I have a socket for a hub light which keeps flickering. The light is an LED MR16 with GU5.3 Base. I think the socket currently installed the holes that you stick the light base into have gotten much bigger that the light pins so I think this is why they keep flickering and eventually dieing until I push them back in.

I want to replace this socket with a GU10 socket so I bought one from Home Depo called "Atron Socket". On the back it says "GU 10 Halogen Socket Twist and Lock 250 Watt, 250 Volts with 6" leads"

Now I removed the old socket and wired up this new socket but the light does not turn on at all. I don't understand why. I know it is not light bulb as I tested that it works, I twisted the cables together and am pretty sure that is correct and I tried 2 of these GU 10 sockets so I know they can't be defective.

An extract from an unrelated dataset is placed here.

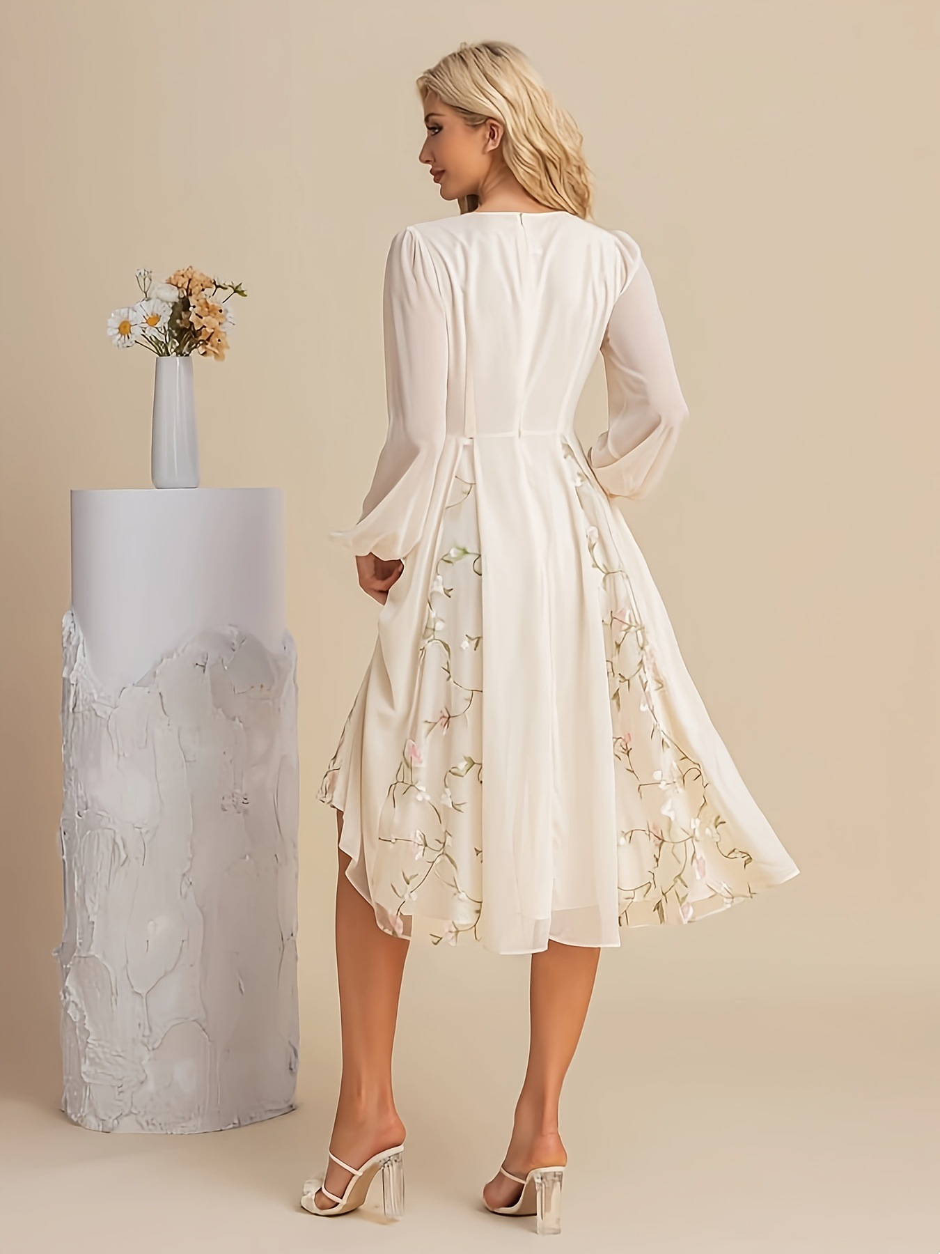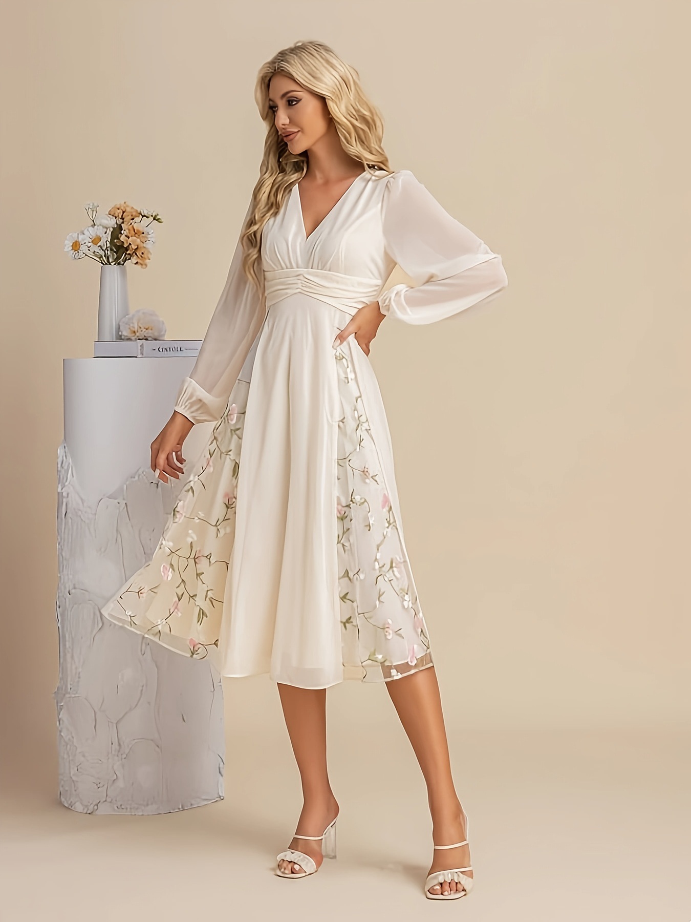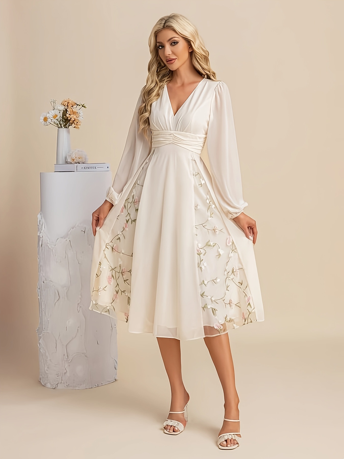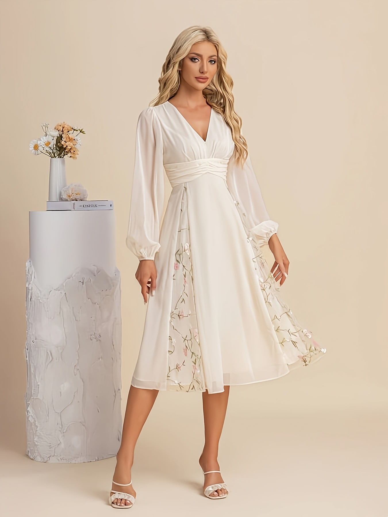 Floral Long-Sleeve V-Neck Pleated Dress For Women
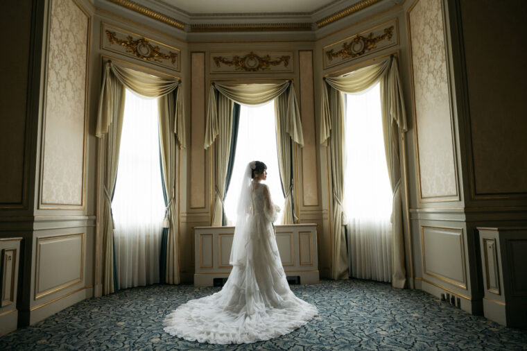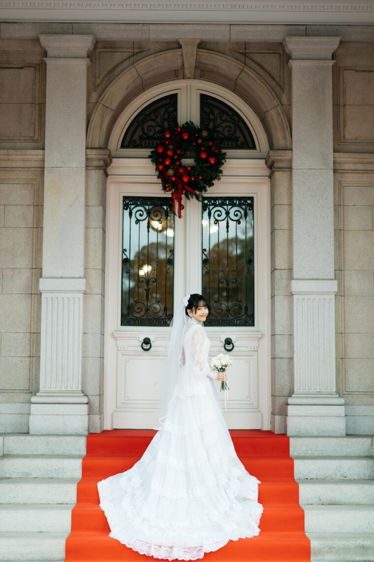 ボンネを添えたレトロなベールが、花嫁様の凛とした美しさを引き立てます。

I put the old socket back on and had no problem getting that to work so I think my method is correct. Is it because I am using an LED bulb instead of a Halogen?


----------



## lightfooted (Jan 16, 2020)

A GU10 socket is nothing like a GU5.3 base. They are not compatible. You understand that LEDs have polarity right? Assuming you have new lights that fit in your GU10 sockets it is quite likely that your power supply is polarized. While good quality LEDs will work no matter which way you install them I have found that not all of them will work regardless of polarity. 

I'm curious what the original halogen lamp ratings were.

Double check all of your connections.


----------